Michalis Romanidis

Personal information
- Born: June 19, 1966 (age 59) Thessaloniki, Greece
- Listed height: 6 ft 6.5 in (1.99 m)
- Listed weight: 210 lb (95 kg)

Career information
- Playing career: 1982–1994
- Positions: Small forward, power forward

Career history
- 1982–1992: Aris
- 1992–1994: Pagrati

Career highlights
- 8× Greek League champion (1983, 1985–1991); 6× Greek Cup winner (1985, 1987–1990, 1992);

= Michalis Romanidis =

Greek basketball player (born 1966)

Michalis Romanidis (alternate spelling: Michail) (Μιχάλης Ρωμανίδης; born June 19, 1966) is a retired Greek professional basketball player. At tall, he played at the small forward and power forward positions.

==Professional career==
While a member of the Greek club Aris, Romanidis won 8 Greek League championships (1983, 1985, 1986, 1987, 1988, 1989, 1990, 1991) and 6 Greek Cup titles (1985, 1987, 1988, 1989, 1990, 1992). He also played at 3 EuroLeague Final Fours (1988, 1989, 1990) with Aris.
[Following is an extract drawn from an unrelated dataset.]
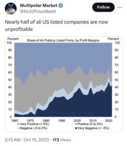現在、米国の上場企業のほぼ半数が赤字となっている。
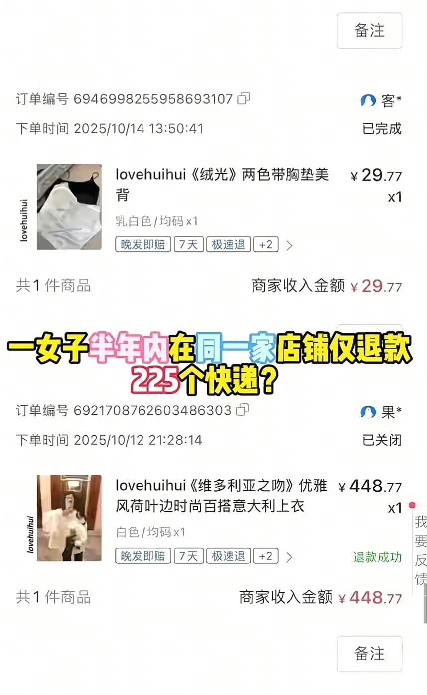 刷新三观!女子仅退款225个快递装富婆,败露后求放过?律师:诈骗没跑! 现在的人为了装富真的毫无底线!广州商家时女士半年亏了5.4万,查了才知道被烟台一女子刘某拿捏得死死的,用6个账号疯狂操作“仅退款”,足足搞了225个快递331单,这操作简直把电商漏洞玩出花了!😂 更绝的是这女的套路太深,先拦截贵价快递申请仅退款,再把低价商品换上面单退回蒙混过关,转头就把骗来的东西卖了,还在网上打造光鲜富婆人设,属实是“空手套白狼”的天花板了。结果东窗事发,立马变脸求商家“留条路”,早干嘛去了? 最解气的是律师直接定性,这已经构成诈骗,可不是简单的薅羊毛那么简单!而且曝光后还有好多商家私信时女士,居然都是同一个人坑的,这是把商家当提款机了?🙄 做生意本来就不容易,凭啥要为这种人的贪心买单?支持商家维权到底,也希望平台赶紧补漏洞,别再让老实人吃亏! 你们觉得这女的该严惩吗?遇到过恶意退款的坑吗?来评论区吐槽聊聊,让更多人避坑!🔥 仅退款225个快递女子打造富婆人设 律师称仅退款225个快递构成诈骗 电商套路防不胜防 支持商家合法维权

He also played with Pagrati.

==National team career==
Romanidis was also a member of the senior men's Greek national team. He played with Greece at the 1983 EuroBasket, the 1984 FIBA European Olympic Qualifying Tournament, and the 1986 FIBA World Championship. He was also a member of Greece's team that won the gold medal at 1987 EuroBasket. He played in 82 games with Greece, averaging 4.4 points per game.

==Post-playing career==
After he ended his pro playing career, Romanidis worked as basketball executive. He worked in the management of the Greek clubs Milon, Alimos, Dafni, and Rethymno.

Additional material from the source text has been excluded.